### REQUIREMENT
Exactly the lines below starting at the line with "Step into Nashville" and ending at the line with "园区内还有还有各种卡通雕塑藏" are wanted, with both ends included. Leave out the pictures and add no other lines.

### TASK INPUT
****************
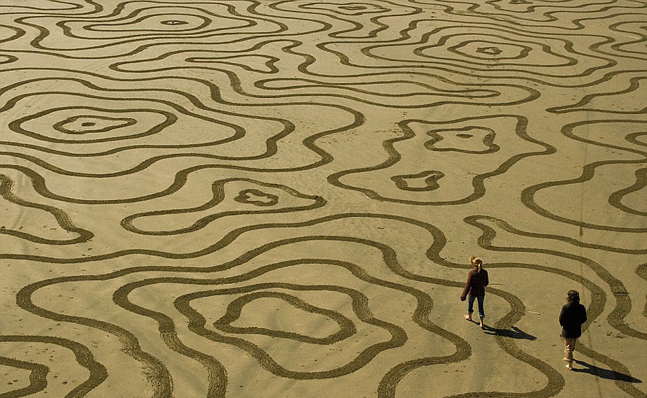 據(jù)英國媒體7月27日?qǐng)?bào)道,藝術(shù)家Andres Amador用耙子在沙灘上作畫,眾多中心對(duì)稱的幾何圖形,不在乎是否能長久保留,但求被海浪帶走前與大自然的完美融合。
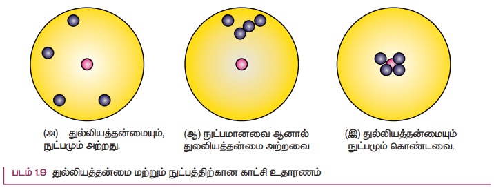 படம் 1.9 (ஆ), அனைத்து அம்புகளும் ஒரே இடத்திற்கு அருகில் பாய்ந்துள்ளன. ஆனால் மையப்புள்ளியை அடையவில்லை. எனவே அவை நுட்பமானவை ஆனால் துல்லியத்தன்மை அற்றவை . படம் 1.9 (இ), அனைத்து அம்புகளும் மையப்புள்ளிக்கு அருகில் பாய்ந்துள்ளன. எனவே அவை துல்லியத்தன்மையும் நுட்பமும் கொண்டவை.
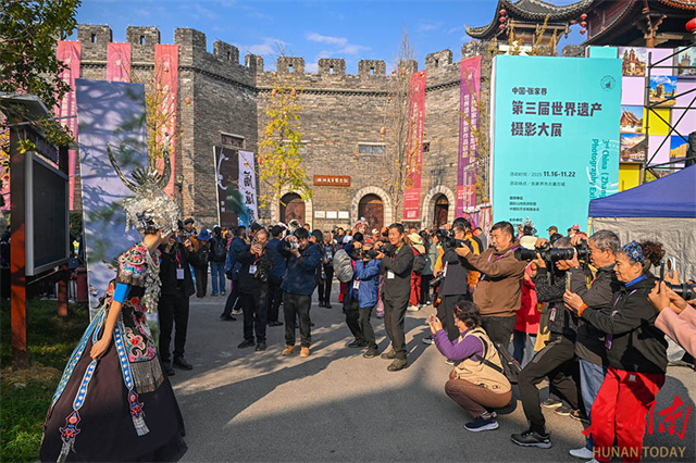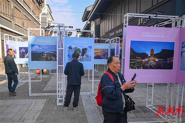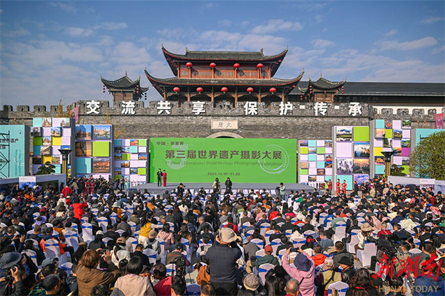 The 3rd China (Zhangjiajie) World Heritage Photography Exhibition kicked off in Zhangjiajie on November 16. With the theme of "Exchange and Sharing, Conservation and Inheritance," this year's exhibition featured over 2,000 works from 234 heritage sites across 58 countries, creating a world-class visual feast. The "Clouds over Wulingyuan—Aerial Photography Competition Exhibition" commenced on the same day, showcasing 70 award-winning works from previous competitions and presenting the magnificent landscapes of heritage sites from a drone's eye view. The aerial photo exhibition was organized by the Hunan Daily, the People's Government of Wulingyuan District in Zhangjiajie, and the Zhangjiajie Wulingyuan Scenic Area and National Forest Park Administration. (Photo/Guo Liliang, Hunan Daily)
****************
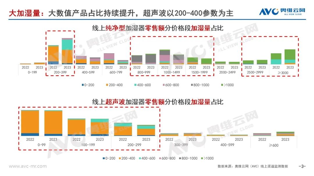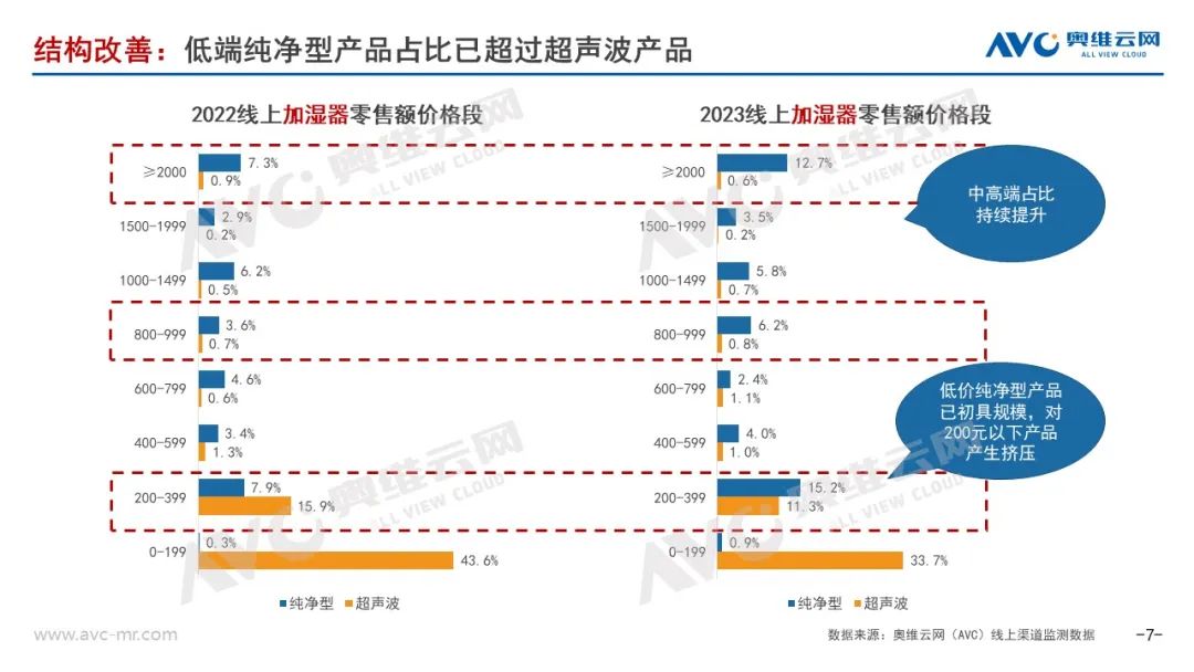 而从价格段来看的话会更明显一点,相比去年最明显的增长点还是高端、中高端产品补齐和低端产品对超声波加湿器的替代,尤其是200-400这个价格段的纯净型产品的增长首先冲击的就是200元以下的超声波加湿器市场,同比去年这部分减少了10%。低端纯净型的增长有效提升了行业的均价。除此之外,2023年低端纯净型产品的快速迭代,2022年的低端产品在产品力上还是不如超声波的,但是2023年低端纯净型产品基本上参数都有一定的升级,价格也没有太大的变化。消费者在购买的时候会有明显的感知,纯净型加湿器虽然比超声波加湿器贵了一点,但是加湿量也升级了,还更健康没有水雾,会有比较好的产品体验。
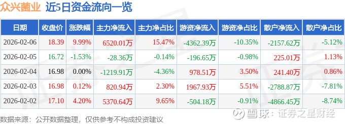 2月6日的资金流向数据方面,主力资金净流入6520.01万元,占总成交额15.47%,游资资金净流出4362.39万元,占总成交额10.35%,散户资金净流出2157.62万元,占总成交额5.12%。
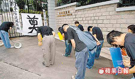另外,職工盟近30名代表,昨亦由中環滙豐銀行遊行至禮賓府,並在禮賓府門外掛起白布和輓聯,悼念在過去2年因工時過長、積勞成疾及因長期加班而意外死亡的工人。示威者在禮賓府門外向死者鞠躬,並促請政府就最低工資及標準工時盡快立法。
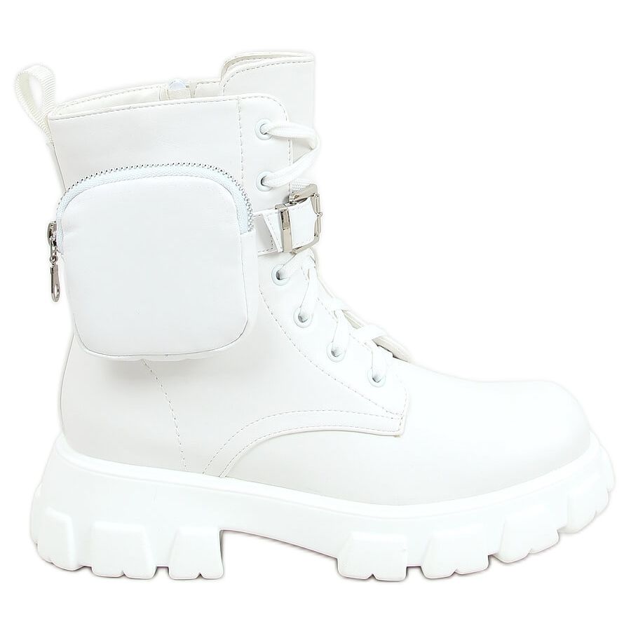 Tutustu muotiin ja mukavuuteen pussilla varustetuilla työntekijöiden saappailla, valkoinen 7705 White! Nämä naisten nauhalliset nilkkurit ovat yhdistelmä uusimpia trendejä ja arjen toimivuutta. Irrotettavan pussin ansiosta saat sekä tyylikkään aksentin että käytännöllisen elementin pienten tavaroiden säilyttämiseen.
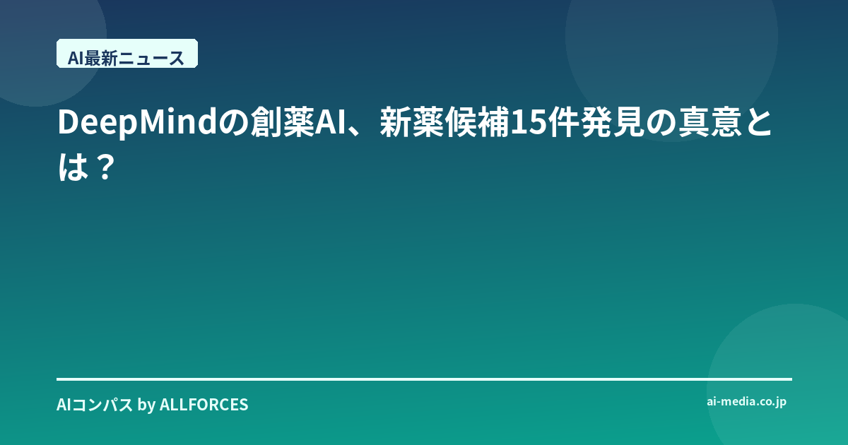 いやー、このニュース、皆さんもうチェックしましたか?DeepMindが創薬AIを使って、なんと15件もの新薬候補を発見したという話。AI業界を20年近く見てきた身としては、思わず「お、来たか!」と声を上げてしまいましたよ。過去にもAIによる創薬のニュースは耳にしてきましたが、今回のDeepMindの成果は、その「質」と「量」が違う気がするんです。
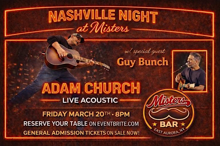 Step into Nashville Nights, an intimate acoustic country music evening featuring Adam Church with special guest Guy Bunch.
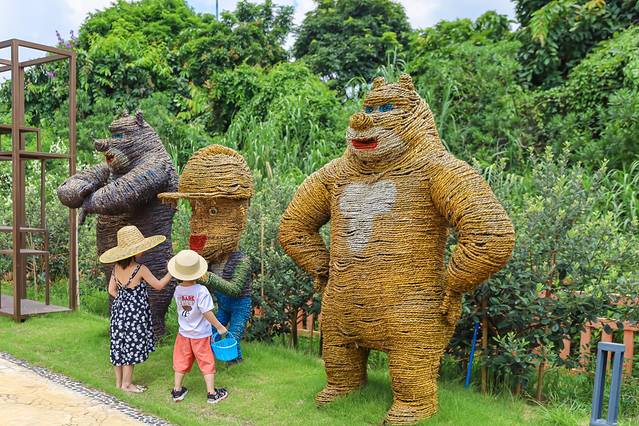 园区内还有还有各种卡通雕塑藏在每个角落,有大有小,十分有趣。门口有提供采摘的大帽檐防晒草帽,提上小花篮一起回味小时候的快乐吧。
****************
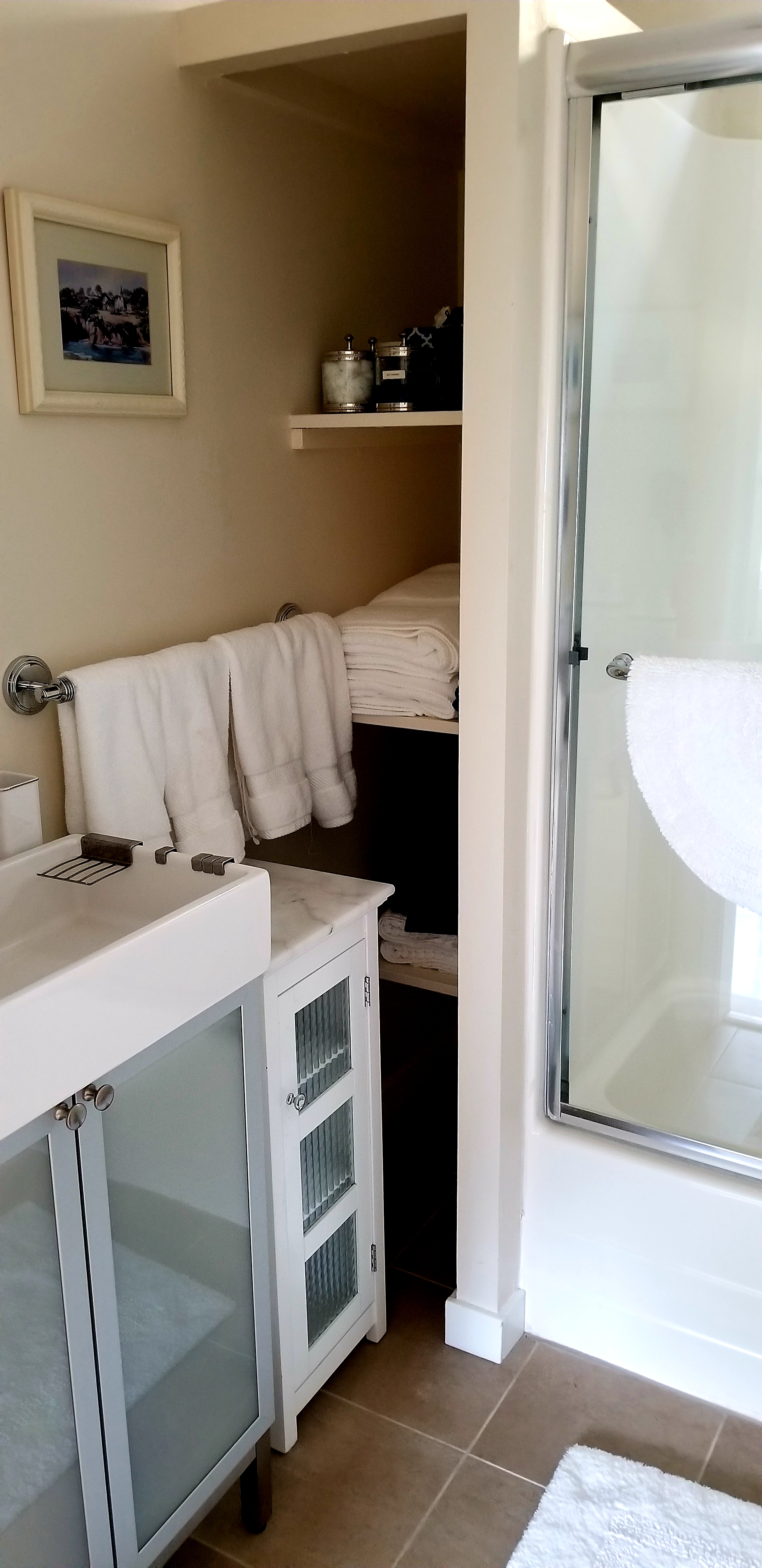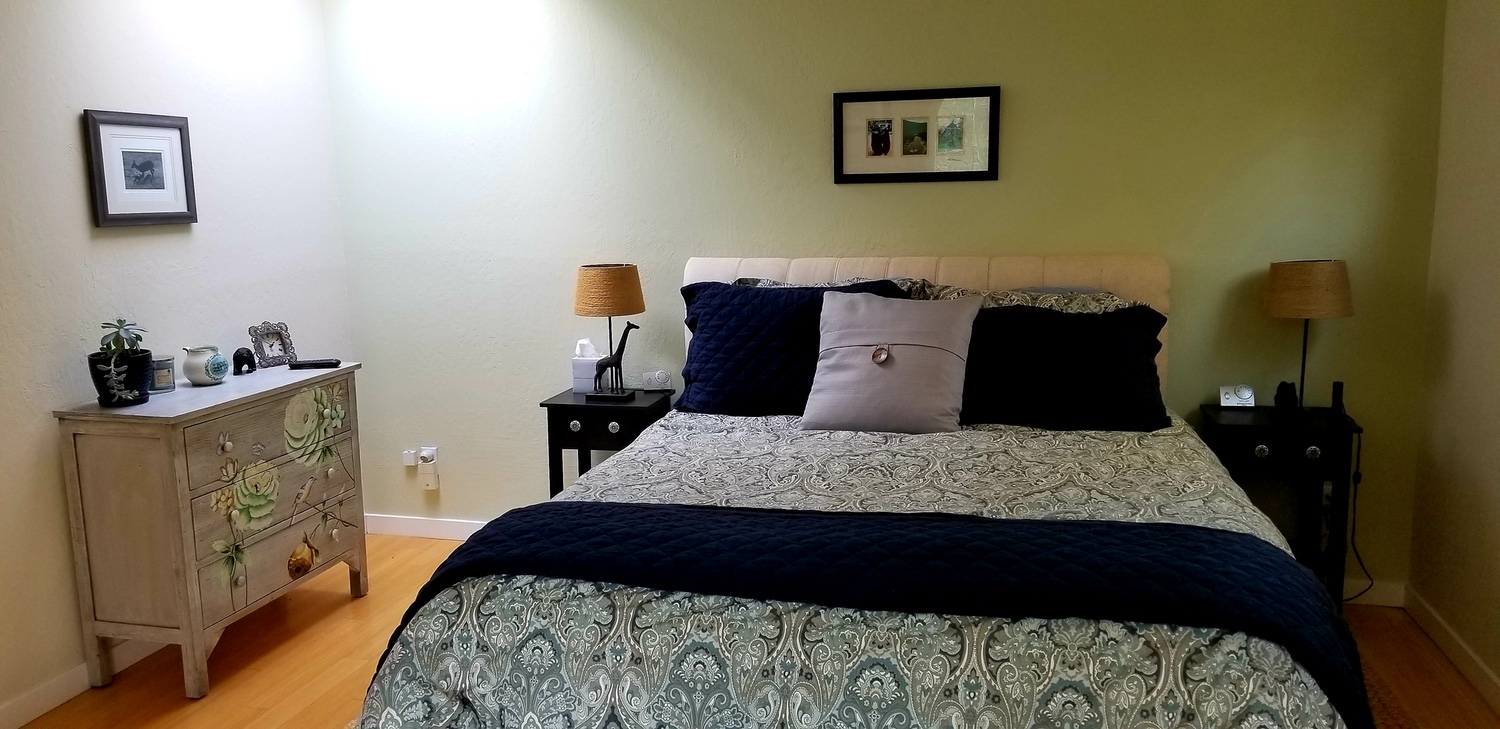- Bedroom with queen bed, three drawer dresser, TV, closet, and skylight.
****************
### RESPONSE TO THE EXERCISE
 Step into Nashville Nights, an intimate acoustic country music evening featuring Adam Church with special guest Guy Bunch.
 园区内还有还有各种卡通雕塑藏在每个角落,有大有小,十分有趣。门口有提供采摘的大帽檐防晒草帽,提上小花篮一起回味小时候的快乐吧。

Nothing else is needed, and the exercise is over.